[Bioc-devel] Txdb Issues - all exon names are NA's ?
Marc Carlson
mrjc42 at gmail.com
Wed Sep 23 08:32:25 CEST 2015
Works for me.
Marc
On Tue, Sep 22, 2015 at 6:03 PM, Hervé Pagès <hpages at fredhutch.org> wrote:
> Hi Marc,
>
> On 09/22/2015 05:39 PM, Marc Carlson wrote:
>
>> Herve is right. UCSC doesn't give us this information, And actually, I
>> think it's pretty rare to see exon names from anybody. So it's weird
>> to me that they are a default return value for this method.
>>
>
> Ensembl does provide exon names/ids so any TxDb object that was created
> with makeTxDbFromBiomart("ensembl", ...) should have them:
>
> library(GenomicFeatures)
> txdb <- makeTxDbFromBiomart("ensembl", dataset="celegans_gene_ensembl")
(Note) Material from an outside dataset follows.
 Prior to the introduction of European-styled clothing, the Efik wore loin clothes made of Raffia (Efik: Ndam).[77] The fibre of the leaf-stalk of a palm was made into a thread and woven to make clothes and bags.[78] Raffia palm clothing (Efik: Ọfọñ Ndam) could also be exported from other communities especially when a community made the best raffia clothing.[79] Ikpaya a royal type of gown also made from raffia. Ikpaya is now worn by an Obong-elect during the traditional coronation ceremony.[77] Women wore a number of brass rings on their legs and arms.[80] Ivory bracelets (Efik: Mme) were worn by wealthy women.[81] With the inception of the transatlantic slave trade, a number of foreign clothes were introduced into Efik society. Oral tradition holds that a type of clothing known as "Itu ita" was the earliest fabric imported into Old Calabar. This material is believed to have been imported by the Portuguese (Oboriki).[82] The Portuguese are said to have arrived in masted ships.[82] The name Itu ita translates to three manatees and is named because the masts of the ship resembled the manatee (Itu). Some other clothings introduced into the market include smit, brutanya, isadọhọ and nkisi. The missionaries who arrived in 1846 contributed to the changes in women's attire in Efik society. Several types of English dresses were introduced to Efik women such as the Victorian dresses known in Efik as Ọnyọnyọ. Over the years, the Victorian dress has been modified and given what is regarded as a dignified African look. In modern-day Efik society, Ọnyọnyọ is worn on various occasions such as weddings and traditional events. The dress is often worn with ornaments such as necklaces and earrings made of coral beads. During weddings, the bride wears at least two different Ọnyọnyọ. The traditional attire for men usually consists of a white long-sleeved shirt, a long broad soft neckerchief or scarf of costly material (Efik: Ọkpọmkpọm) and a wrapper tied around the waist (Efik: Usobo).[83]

> exonsBy(txdb, use.names=TRUE)$Y74C9A.2a.2
> # GRanges object with 4 ranges and 3 metadata columns:
> # seqnames ranges strand | exon_id exon_name
> exon_rank
> # <Rle> <IRanges> <Rle> | <integer> <character>
> <integer>
> # [1] I [10413, 10585] + | 1 WBGene00022276.e1
> 1
> # [2] I [11618, 11689] + | 6 WBGene00022276.e6
> 2
> # [3] I [14951, 15160] + | 11 WBGene00022276.e11
> 3
> # [4] I [16473, 16842] + | 14 WBGene00022276.e14
> 4
> # -------
> # seqinfo: 7 sequences (1 circular) from an unspecified genome
>
> Note that the *By() extractors don't let the user choose which column
> to return at the moment so that's why it was decided (a long time ago)
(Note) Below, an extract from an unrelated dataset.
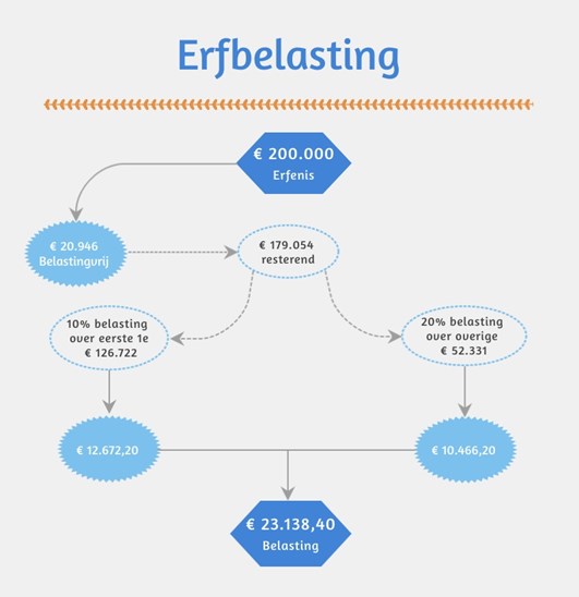 Evert laat aan zijn zoon Erik een grote erfenis van €200.000 na. Van dit bedrag is €20.946 vrijgesteld van belasting. Het bedrag waarover hij belasting moet betalen is €179.054. Over de eerste €126.722 betaalt hij 10 procent belasting, ofwel €12.672,20 . Over de laatste €52.331 betaalt hij 20 procent belasting, wat €10.466,20 is. In totaal betaalt Erik €23.138,40 belasting.

> to return exon internal ids *and* names (better more than less).
>
> H.
>
>
>> Marc
>>
>> On Tue, Sep 22, 2015 at 5:29 PM, Hervé Pagès <hpages at fredhutch.org
>> <mailto:hpages at fredhutch.org>> wrote:
>>
>> Hi Sonali,
>>
>> UCSC doesn't provide names for the exons of their gene models.
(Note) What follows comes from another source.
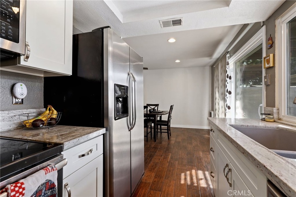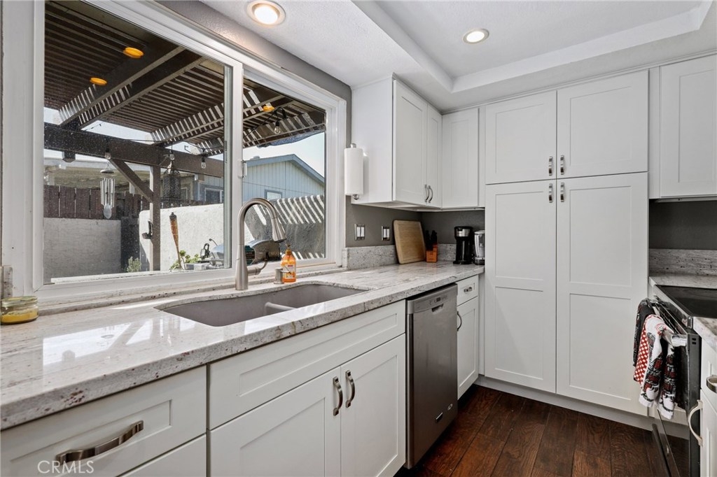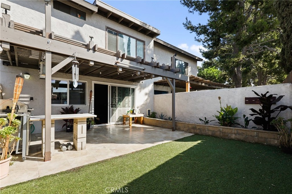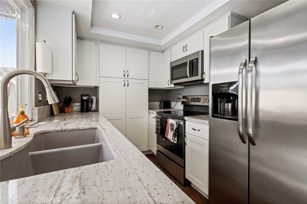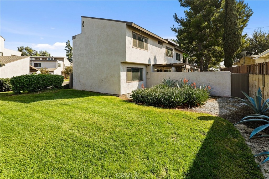 As you enter you will gaze upon gorgeous newer wood floors covering the light and bright living room with large windows that bathe the space in natural light. Recessed lighting and automated ceilings fans throughout the home too. The dining room and kitchen flow seamlessly together for ease of daily living. The upgraded kitchen features granite countertops, crisp, white cabinetry, stainless steel appliances and a tray ceiling with recessed lighting. Three bedrooms and a full bathroom are upstairs. The bathrooms have been upgraded with modern flair. Enjoy the private, fenced yard with turf and stone patio. Imagine yourself sitting under the covered patio in your outdoor living or dining space, sipping your favorite beverage and drinking in the idyllic Southern California weather all year long. The attached 2 car garage provides extra storage space and convenience. The community offers its residents a sparkling pool and spa. Quick freeway access will make commuting a breeze. Close to shopping and dining venues too. Only 6 miles from Disneyland! Don’t let this opportunity pass you by!

>> See the table where this data is coming from:
>>
>>
>>
>> https://genome.ucsc.edu/cgi-bin/hgTables?db=hg19&hgta_group=genes&hgta_track=knownGene&hgta_table=knownGene&hgta_doSchema=describe+table+schema
>>
>> The exon information is all coming from the exonStarts and exonEnds
>> columns. No exon names!
>>
>> H.
>>
>> PS: Maybe this would better be asked on the support site.
>>
>>
>> On 09/22/2015 04:44 PM, Arora, Sonali wrote:
>>
>> Hi everyone,
>>
>> I was trying to get the exons by gene from a txdb object but I
>> get NA's
>> for all exon_name's. Please advise.
>>
>> > library(TxDb.Hsapiens.UCSC.hg19.knownGene)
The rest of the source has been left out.